The first condition C1: in an original image corresponding to the candidate identification switch image patch, a largest occlusion rate of a bounding box of the candidate identification switch image patch is greater than a predetermined occlusion rate threshold oTh (e.g., 0.5). The original image refers to that, in a process in which multi-target tracking processes an image sequence captured by a camera to output a tracklet, the image sequence contains an image of the candidate identification switch image patch. An occlusion rate of an image patch in the original image can be represented as: in the original image, a ratio of the area of an overlapping area between a bounding box of an overlapping image patch that overlaps with the image patch and a bounding box of the image patch to the area of the bounding box of the image patch. When a concerned image patch (bounding box) does not overlap with other image patches (other bounding boxes) in the original image, an occlusion rate of the concerned image patch is 0. When a concerned image patch (bounding box)) overlaps with a plurality of other image patches (other bounding boxes) in the original image, then since each pair of overlapping image patches has an overlapping area, there are also a plurality of occlusion rates of the concerned image patch, and a largest occlusion rate is a largest one of the plurality of occlusion rates of the concerned image patch. Note that, when a concerned image patch (bounding box) does not overlap with other image patches (other bounding boxes) in the original image, it is regarded that a largest occlusion rate of the concerned image patch is 0. Occlusion would easily lead to identification-switch, and in case of a larger occlusion rate, incorrect target matching would more easily occur, and an incorrect tracklet that has a flaw would occur; thus, this embodiment considers the first condition. For example, in a case where it is determined that the candidate identification switch image patch satisfies the first condition (that is, occlusion has occurred to the candidate identification switch image patch, and the occlusion is severer), it is determined (verified) that it is credible that identification-switch has occurred at the candidate identification switch image patch.

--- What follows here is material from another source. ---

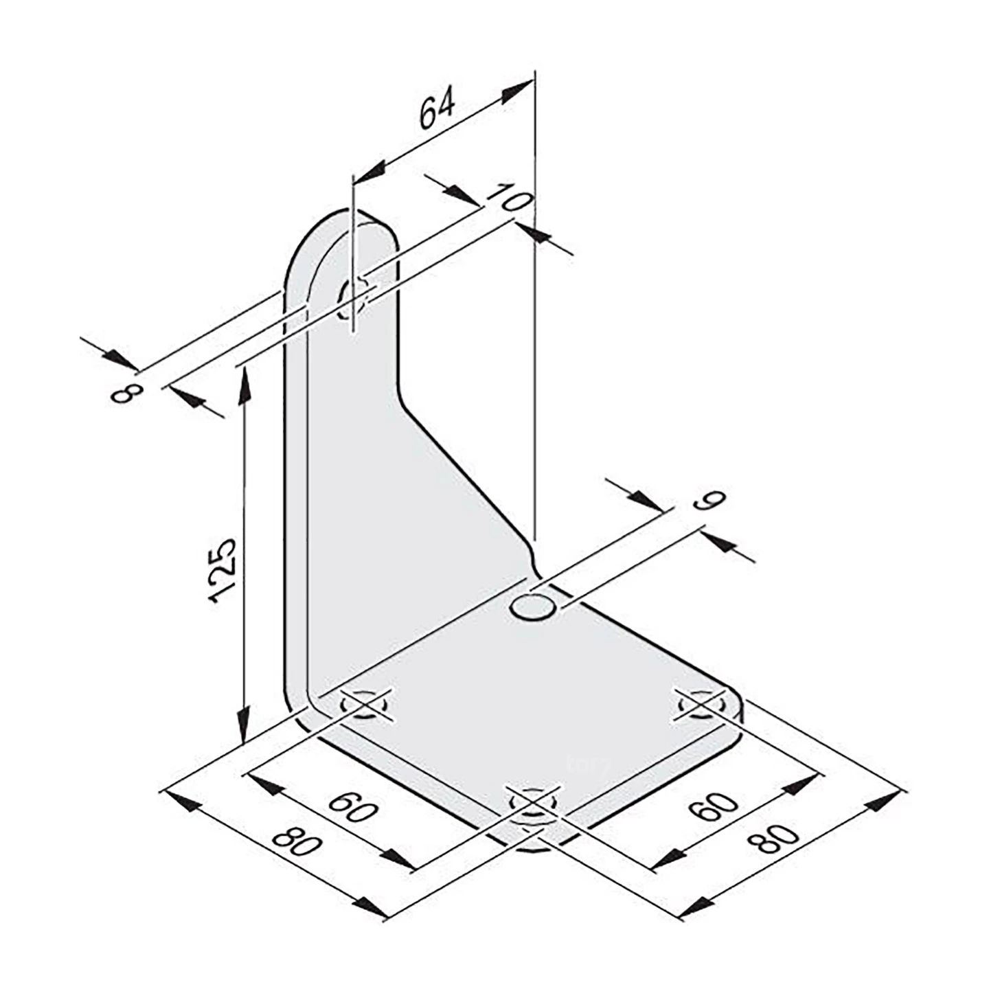 - seitlicher Befestigung zu inneren Rand Grundplatte: 64 mm
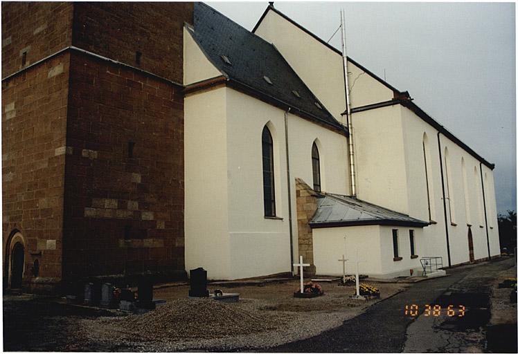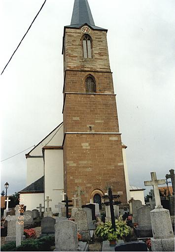 Eglise actuelle occidentée. Tour entièrement appareillée en grès. Dans la partie ancienne, trous de levage, 3 niveaux de jours en archère et un niveau avec baies en arc brisé, celle vers l'ouest conservant des vestiges de réseau. Le dernier niveau, néo-gothique, porte la date 1876. Au rez-de-chaussée, porte occidentale, de style gothique tardif avec armes du village (le maillet) encadrant une 2e porte ancienne, plus petite, en remploi. A droite, bénitier extérieur, en grès. A l'intérieur, voûte sur croisée d'ogives (en sifflet) avec clé évidée et traces de peintures ; vers l'est, trace d'un arc en plein cintre. Le choeur conserve un contrefort côté sud, un linteau daté 1742 sur le mur ouest, côté nord, 4 baies à réseau gothique tardif ; à l'intérieur, deux pans coupés cachent les angles occidentaux ; derrière l'autel accès à la tour ; côté sud, porte datée 1934, côté nord, porte datée 1508 (le 5 est toujours pris pour un 4) , vers la sacristie nord. Dans celle-ci sont remployées en façade, provenant de l'ancienne église, des pierres taillées, une porte de style gothique tardif et 4 clés de voûte ornées d'écus et d'un décor végétal. La nef, néo-gothique, comporte 5 travées de baies et une porte centrale côté nord à pinâcles ; dans le socle, pierres en remploi avec marques de tâcheron. Sous la tribune sont réutilisées des consoles sculptées de têtes avec abaques polygonales moulurées.

The condition C2: an angle between a moving direction of a target in the candidate identification switch image patch and a moving direction of a target in a later image patch after the candidate identification switch image patch in the tracklet is greater than a predetermined angle threshold aTh. For example, in the tracklet Trk[i], a moving direction of a target in the candidate identification switch image patch Patch[j] is a first direction dir1, a moving direction of a target in a later image patch Patch[j+1] after the candidate identification switch image patch Patch[j] is a second direction dir2, and if an angle between the first direction dir1 and the second direction dir2 is very large (e.g., larger than 90 degrees, or, larger than 150 degrees), it is very possible that incorrect target matching has occurred. A moving direction of a target can be determined, for example, according to a central location (in image coordinate system) of a bounding box (current bounding box) of the image patch and a central location of a previous bounding box. For example, in a case where it is determined that the candidate identification switch image patch satisfies the second condition (that is, a moving direction of a target in the image patch has been greatly changed), it is determined (verified) that it is credible that identification-switch has occurred at the candidate identification switch image patch.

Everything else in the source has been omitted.